経営業務管理責任者が外れる局面では、「後任がいるか」だけでなく、「いつ・誰が・どの資料で説明するか」まで整理しておく必要があります。本記事では検索上の呼び方に合わせて便宜的に「経管」と表記しますが、現在の許可要件は、常勤役員等1人、または常勤役員等1人とその者を直接に補佐する者の体制で整理されています。役員等の就退任に関する変更届は原則30日以内、常勤役員等や直接補佐者、令第3条の使用人、健康保険等の加入状況に関する変更は2週間以内が基本です。だからこそ、退任後ではなく退任前の設計が重要になります。

SECTION 01

経管変更で最初に固める3つの前提

この章のポイント

  • 経管は「いるかどうか」ではなく「空白を出さないこと」が最優先
  • 役員変更と経管変更は別の届出として並行管理する
  • 代表交代だけでなく専任技術者や常勤性まで同時に確認する

経管変更は単なる人事の入れ替えではなく、許可要件を切れ目なく維持するための実務設計です。とくに小規模建設会社では、一人の退任が役員体制・営業所体制・届出期限に同時に影響しやすいため、最初に前提をそろえることが手戻り防止の近道です。

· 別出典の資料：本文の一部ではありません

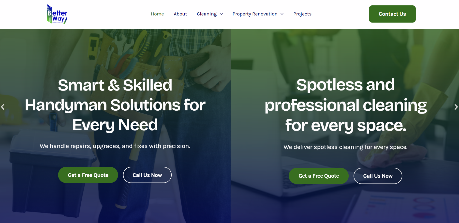 We created a professional, engaging website for Better way Solutions, showcasing their cleaning, renovation, and handyman expertise. Highlighting 25+ years of experience, eco-friendly practices, and trusted, insured services.
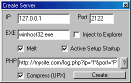 --FWB (inject to explorer.exe), Melt, ActiveX startup, and install to win dir options.
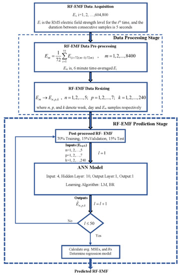 The methodology of this study consists of three main stages, as illustrated in Figure 2. In the figure, 604,800 refers to the number of electric field strength data recorded at 5-s intervals for 5 weeks (35 days). In addition, 72 were the data recorded at 5-s intervals corresponding to 6 min. Also, 8400 represents the number of electric field strength data averaged over 35 days and 6 min. Furthermore, 240 refers to the number of electric field strength data averaged over 1 day and 6 min. n denotes the week index, ranging from 1 to 5, and p denotes day index from 1 to 7. k is the 6 min averaged electric field intensity over a day with values between 1 and 240, and l is the number of times the network trained. The first stage involves the measurement of RF-EMF data, the second stage involves the processing of measurement data, and the third stage involves the creation of the RF-EMF prediction model. The details of each stage are provided in the following sections.
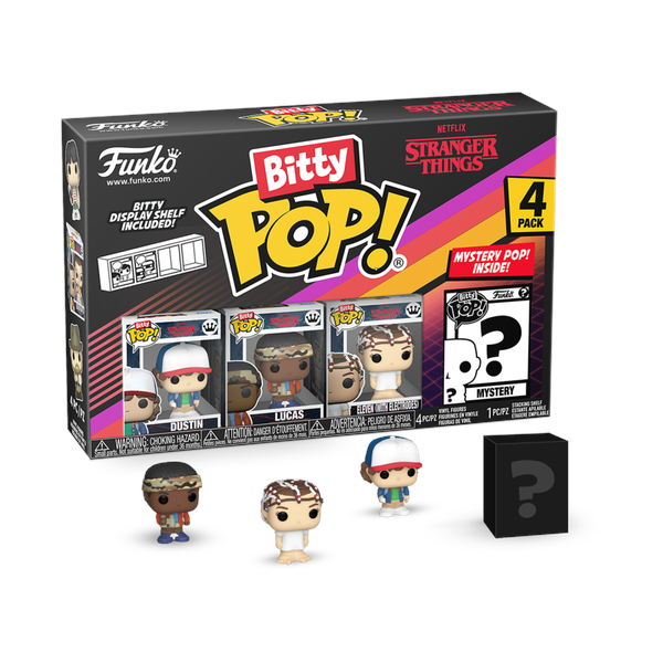 Your favorite Stranger Things Pops! have been shrunk into Bitty Pops!Expand your collection with this assortment of Bitty Pop! figures featuring your most beloved heroes and monsters as miniaturized figures!This 4-pack includes Bitty Pop! Dustin, Bitty Pop! Lucas, Bitty Pop! Eleven (with Electrodes), and a mystery Bitty Pop! figure.The possible mystery Bitty Pops! are Hyper Rare (1/6) Upside Down Barb, Hyper Rare (1/6) Eleven Underwater, Rare (1/3) Upside Down Will, and Rare (1/3) Eleven with Eggos and Wig.Bitty Pops! are packaged in hard acrylic cases with detachable bottom lids. Detachable bottom lids double as acrylic bases, to which the Bitty Pop! figures are adhered.Sort and arrange your Bitty Pops! with the included display case! Acrylic display cases are stackable and hold four Bitty Pop! figures each.Vinyl figures are approximately 0.9-inches tall.Four figures per single package purchase.Warning: Choking Hazard. Collectibles are small.Not for children under the age of 3 years old.Item selection is random, as each piece is in blind packaging. We cannot accept requests for specific items.You may receive duplicate figures.
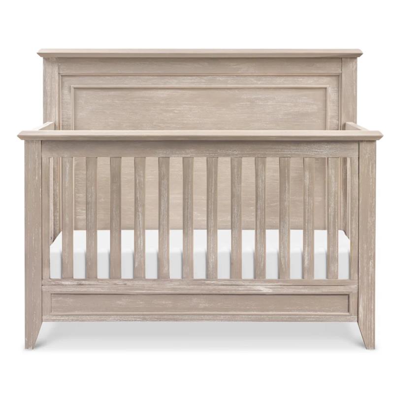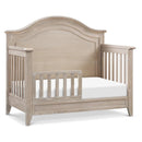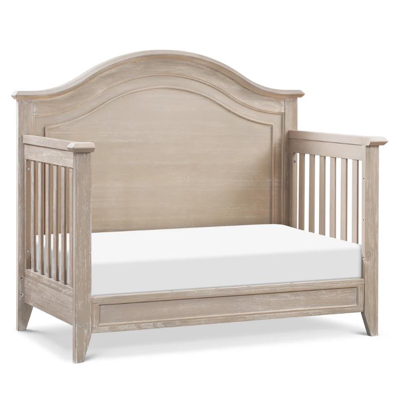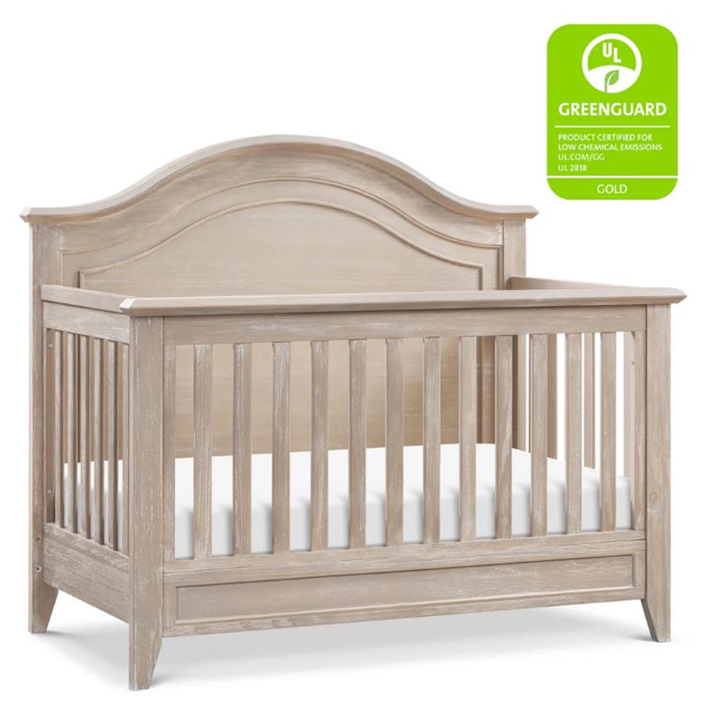 The Beckett Rustic 4-in-1 Convertible Curve Top Crib bridges the gap between traditional and modern design with its texturized wood finish, clean silhouette and thoughtful detailing. Featuring a raised back panel, elegant slats, simple tapered feet, and mitered cuts with contemporary 45 degree trimming, the Beckett Crib is a transitional piece that will grow with your family.
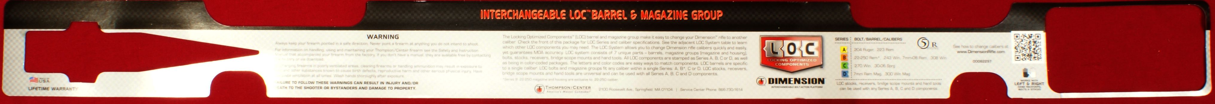 Complete Rifle The .308 Win Dimension Rifle came boxed as shown below. The end of the box had a sticker with all the key information about this particular rifle such as:
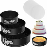 1 Φόρμα ζαχαροπλαστικής με αποσπώμενη βάση 22,5 cm - carbon steel, 1 Φόρμα ζαχαροπλαστικής με αποσπώμενη βάση 17,5 cm - carbon steel, 1 Φόρμα ζαχαροπλαστικής αποσπώμενη βάση 10 cm - carbon steel, 50 τεμάχια αντικολλητικό χαρτί διαμέτρου 22,5 cm
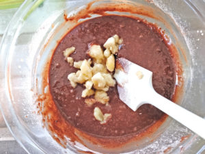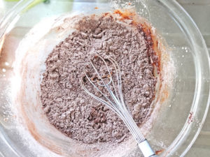 ![]() 6:ボールに、薄力粉、ココア、ベーキングパウダーを合わせてふるい入れ、粉っぽさがなくなるまで混ぜます。 |
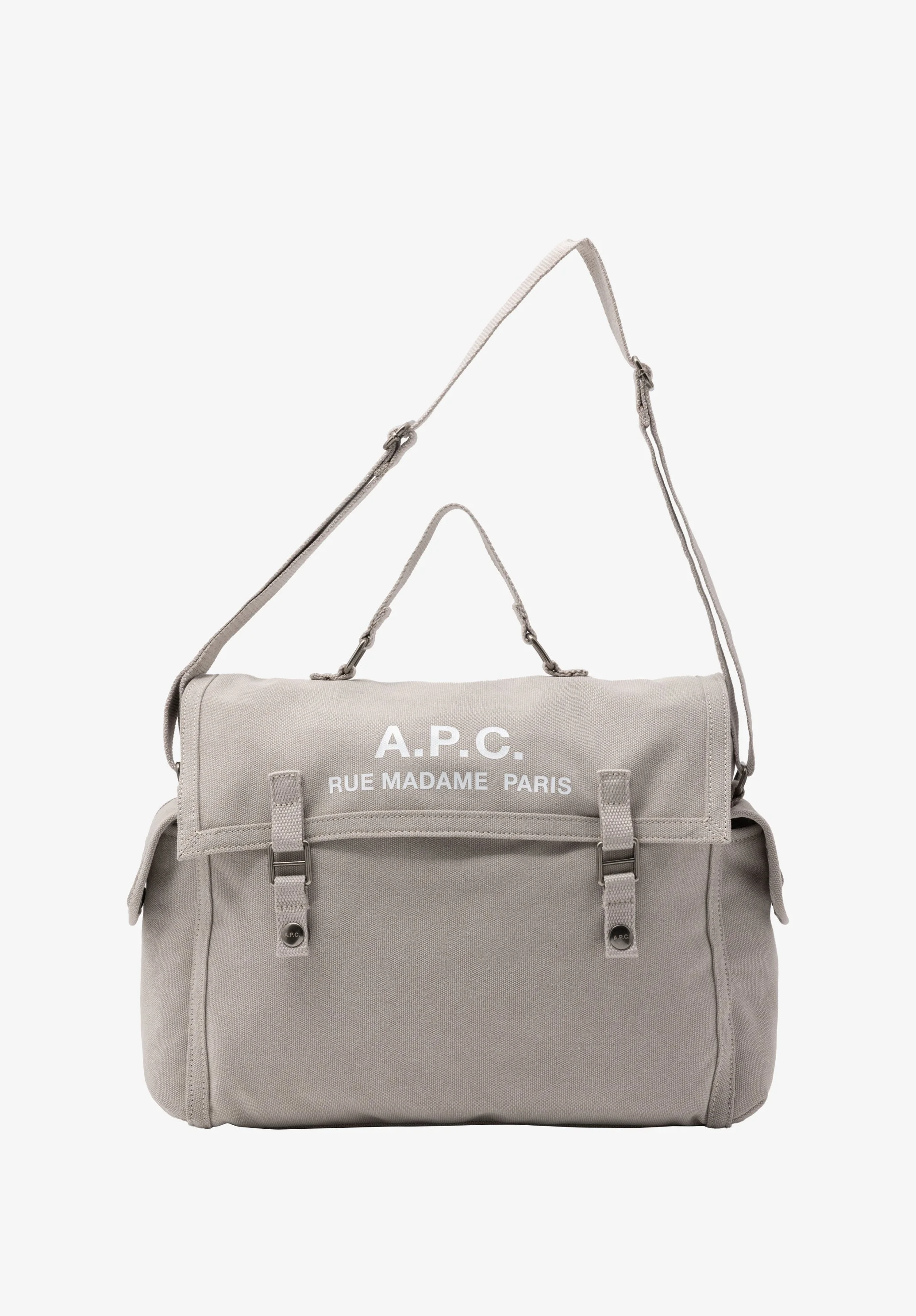 - Main pocket closes with snap buttons. - Two side pockets. - One interior zip pocket. - One snap pocket in back. - Adjustable strap to carry the bag on the shoulder or across the chest. - One handle to carry the bag by hand. - A.P.C. Rue Madame Paris printed logo. Size Advice - Dimensions : 34 x 25 x 10 cm. Composition & Material - 60% cotton. 40% polyester. - Made in China. - Care instructions: wipe with a soft dry cloth.
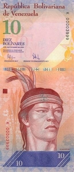 Wenezuela 10 Boliwarów Wódz Guaicaipuro 2009 P-90b
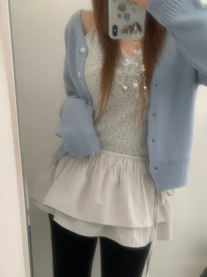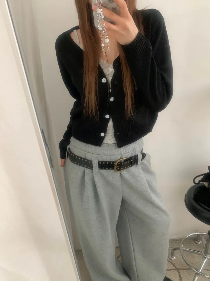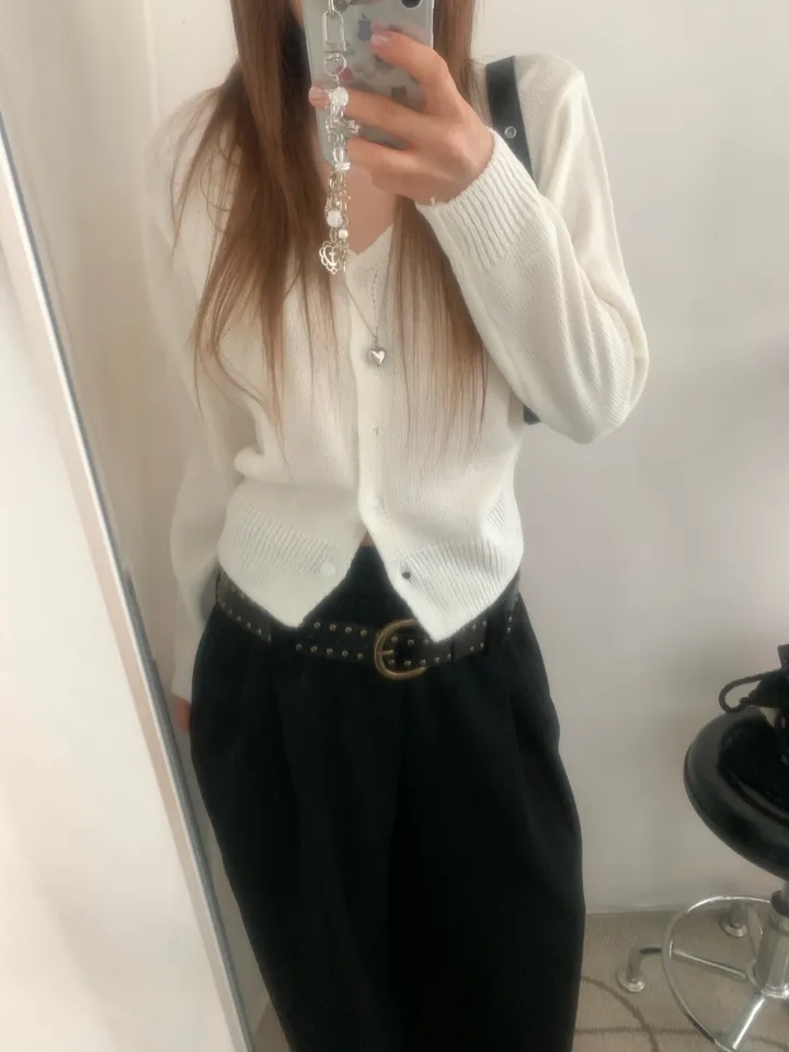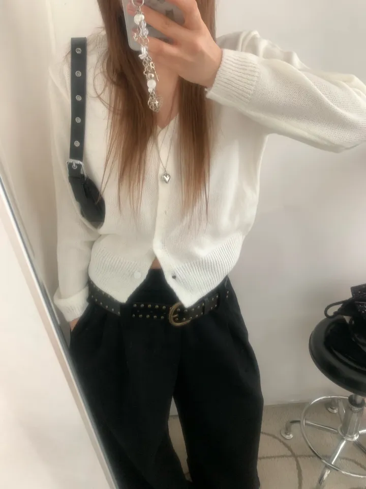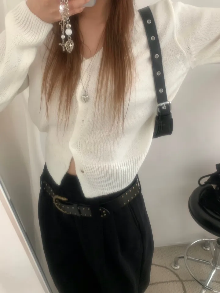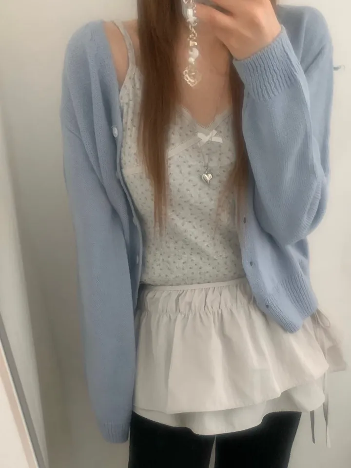 Vネックコージーデイリークロップドカーディガン

経管は「いるかどうか」ではなく「空白を出さないこと」が最優先

経管変更で最も避けたいのは、前任者が退任したあとに後任体制の説明が追いつかず、許可要件に空白が生じることです。関東地方整備局の手引きでは、常勤役員等の変更や削除は2週間以内の届出対象とされる一方、後任が不在になれば要件欠如として許可取消しの対象になり得ると示されています。つまり、2週間という数字は事後の届出期限であり、体制そのものは空白なくつながっている必要があります。

役員変更と経管変更は別の届出として並行管理する

代表交代や役員退任があると、登記変更だけで一連の対応が終わるように見えます。しかし、手引きでは役員等の就任・退任は30日以内、常勤役員等や直接補佐者の変更・削除は2週間以内と、対象も期限も分けて整理されています。したがって、「会社法上の役員変更」と「建設業許可上の経管変更」は別の線で管理し、同日に何を提出するのかをあらかじめ決めておくことが重要です。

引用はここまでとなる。